The method showed particularly strong results for “Zero-shot” baselines. This makes sense: methods like Few-shot CoT already include examples in the prompt, which helps guide the model. Zero-shot methods have no examples, so the addition of RICP principles provides much-needed guidance where there was previously none.

Ablation Studies: Do we need all the parts?

The researchers performed an ablation study to verify if both “Task-Level” and “Question-Level” principles were necessary, and if the clustering mechanism actually helped.

Ablation study charts showing performance drops when components like Task-Level Principles (TP), Question-Level Principles (QP), or Hierarchical Clustering (HC) are removed.

Figure 3 illustrates the findings:

  • w/o QP (Without Question-Level Principles): Removing the specific, retrieved advice caused a sharp performance drop (represented by the orange line). This confirms that generic advice isn’t enough; the model needs tips specific to the question at hand.
  • w/o TP (Without Task-Level Principles): Removing general advice (green line) also hurt performance, though sometimes less severely than removing QP.
  • w/o HC (Without Hierarchical Clustering): Removing the clustering step (blue line) significantly degraded results. This highlights that simply retrieving raw insights isn’t effective—they need to be organized and de-duplicated to be useful.

Customization is Key

One of the central claims of RICP is that “customized” retrieval is better than just randomly selecting principles. The researchers validated this by comparing their method against a baseline where principles were selected randomly from the pool.

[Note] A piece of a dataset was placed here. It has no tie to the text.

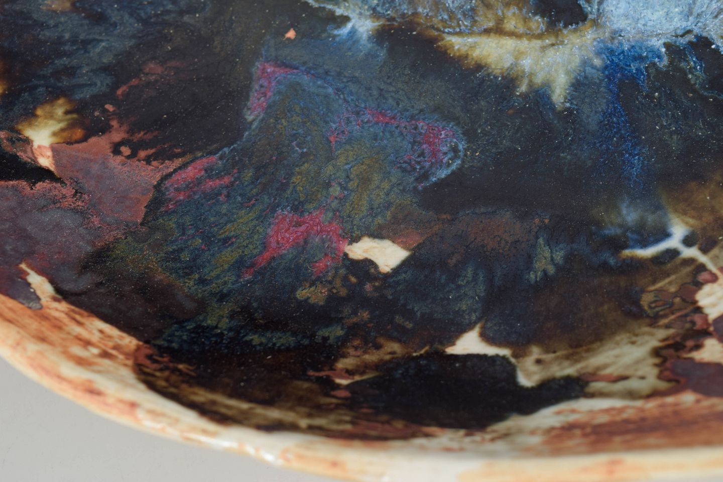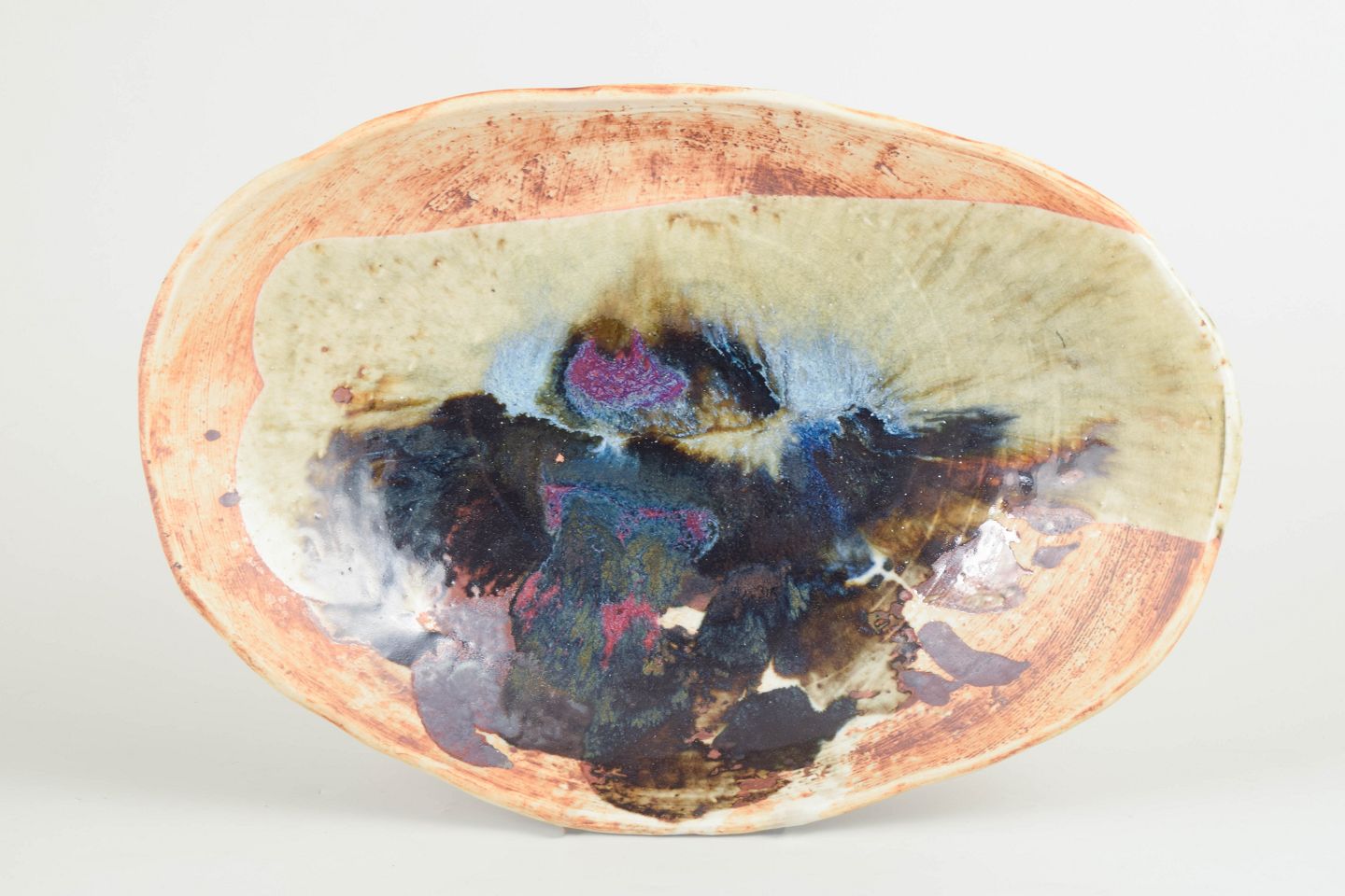 Unique, organically shaped bowl in thrown stoneware with an expressive abstract decoration and multicoloured glaze in earthy and bluish tones.

Comparison chart showing customized retrieval significantly outperforming random selection.

The blue bars in Figure 5 represent “Ours Win”—instances where RICP outperformed random selection. Across benchmarks like GSM8K and AQuA, customized retrieval won the vast majority of the time. In fact, using random principles can sometimes be worse than using no principles at all, as irrelevant advice confuses the model.

Understanding the Errors

Finally, it is interesting to look at what kind of errors the model actually fixes.

Pie charts showing error type distribution for Commonsense and Mathematical reasoning.

In Mathematical Reasoning (Chart b), logical errors and calculation errors dominate. RICP helps significantly here by retrieving principles like “check your arithmetic” or “pay attention to unit conversion.” In Commonsense reasoning (Chart a), context errors are more prevalent.

Conclusion

The “Retrieved In-Context Principles” (RICP) framework represents a maturation in how we approach In-Context Learning. It moves beyond simply showing models what “good” looks like, and starts teaching them how to avoid “bad.”

By automating the role of a teacher—analyzing mistakes, categorizing them, and retrieving them only when relevant—RICP provides a way to customize LLM behavior without the massive computational cost of fine-tuning or the latency of human-in-the-loop intervention.

For students and practitioners in NLP, RICP highlights a vital lesson: Data curation matters. It’s not just about having principles; it’s about organizing them (clustering) and delivering them at the right time (retrieval). As models continue to evolve, systems that can self-reflect and learn from their own history of errors will likely become standard in the quest for robust AI reasoning.